Part 1: The Offer
Simon was at the end of a long, fruitless shift. He and his buddies had forfeited a night’s sleep to go fishing, but the tilapia weren’t biting. The final clean up and sluice down of their gear was almost complete. Most of the nets were hanging out on their frames to dry. Shafts of sunlight were slipping over the crags of the lake’s eastern hills warming the fishermen’s backs. Simon was thinking only of bed when he heard the bustle of shopkeepers and their morning patrons moving toward the shore. One voice stood out among the rest and Simon looked up to see whose it was. He knew everyone in these parts, and he’d never seen this tall stranger who seemed to draw such a crowd.
“What…?” Simon stifled a surprised grunt as the stranger, still talking, moved toward the two scows resting onshore. He boosted himself onto the gunwales of one of them, swung his legs over the side and sat down on, continuing to speak. It was Simon’s boat.
Simon took a step closer, not only in defense of his property, but to hear what this man was saying. As he did, the man’s gaze fell directly on Simon.
“Put out into deep water,” he directed Simon, “and let down the nets for a catch.”
“Really?” thought Simon. “He doesn’t know we’ve been fishing all night with no success. We’re tired. The good nets are clean and drying; only the old ragtag nets are left in the transom. There isn’t a breath of wind so it will mean rowing. Doesn’t he know we’re done fishing for the day?” Simon was not in the mood to be told what to do.
But Simon and his buddies found themselves agreeing, and rowed out to the deep parts, leaving the crowds on the shore. And there, in the middle of the lake Jesus gave them a taste of what meeting Him means. Ragtag nets were barely tossed to sink below the surface when they were full of writhing, thrashing, flippers and fins. Hundreds of them.

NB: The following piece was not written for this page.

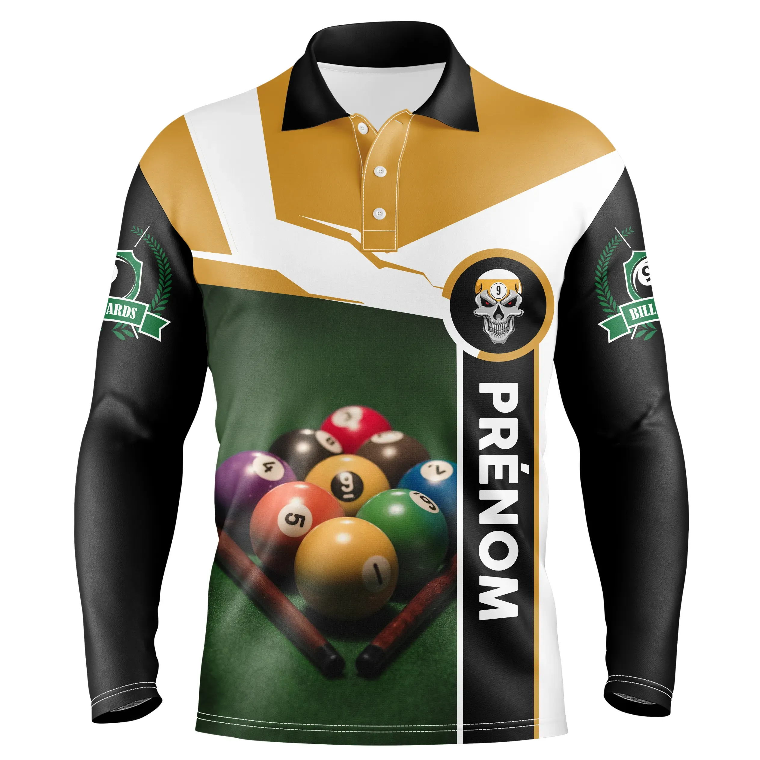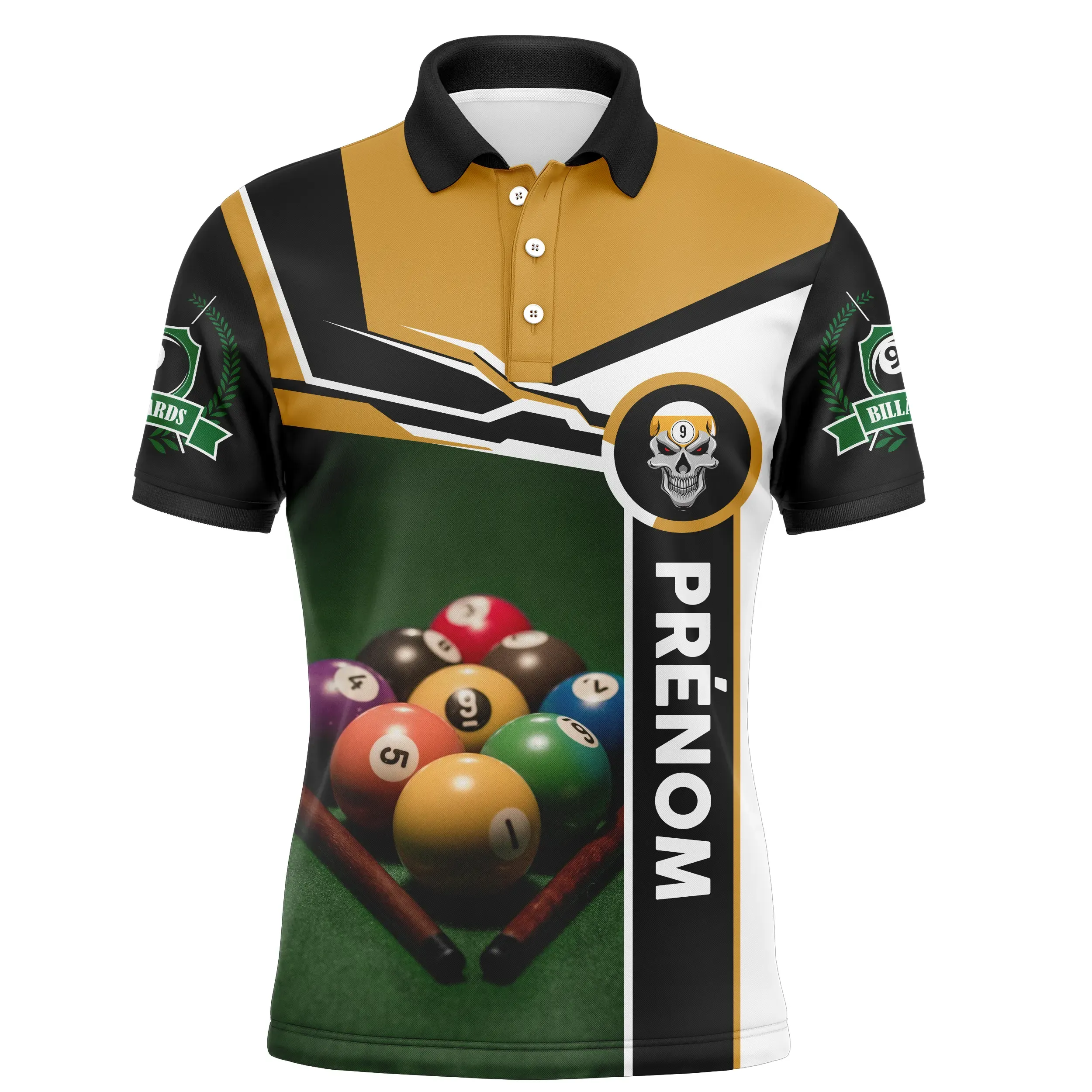 Fini le temps où vous ne pouviez pas montrer votre amour pour le billard. 🤩 Ce polo de billard professionnel donne vie à votre passion, directement sur votre poitrine ! Imaginez avoir votre prénom 🏷️ imprimé à côté d’une boule de billard chic et élégante sur une table verte. La classe, non ?

The men’s reaction must have been awestruck, open-mouthed fear because Jesus told them, ”Don’t be afraid.”
He also told them, in a way, that they were done fishing – not just for the day, but forever. He had a higher calling for them. Those fish could go to the people onshore, but from then on, Simon and his buddies would be fishers of men and women, if they agreed.
What did that mean to Simon and Andrew, James and John, the first disciples that met Jesus? Maybe more relevantly, what does it mean to us, to you and me who live here and now, two thousand years later? Do we meet Jesus too?
I believe the answer is yes. The theme of everything we read in the Bible points to this one truth: Jesus is a man for all people and all times. He meets every one of us. Every person gets at least one chance to hear His offer and respond. You do and I do. It may not be at a Middle East lakeside setting, but He will come into your world, call you away and make you an offer. Then it’s up to you to decide: stay with the status quo, do your own thing and forever wonder what it would have been like to follow Him, or say with some fear, ‘yes’.
Jesus, meet us today. Help us put aside our fear long enough to hear your offer and recognize it as our hearts’ true longing. Boats, nets and fish aside, help us follow You.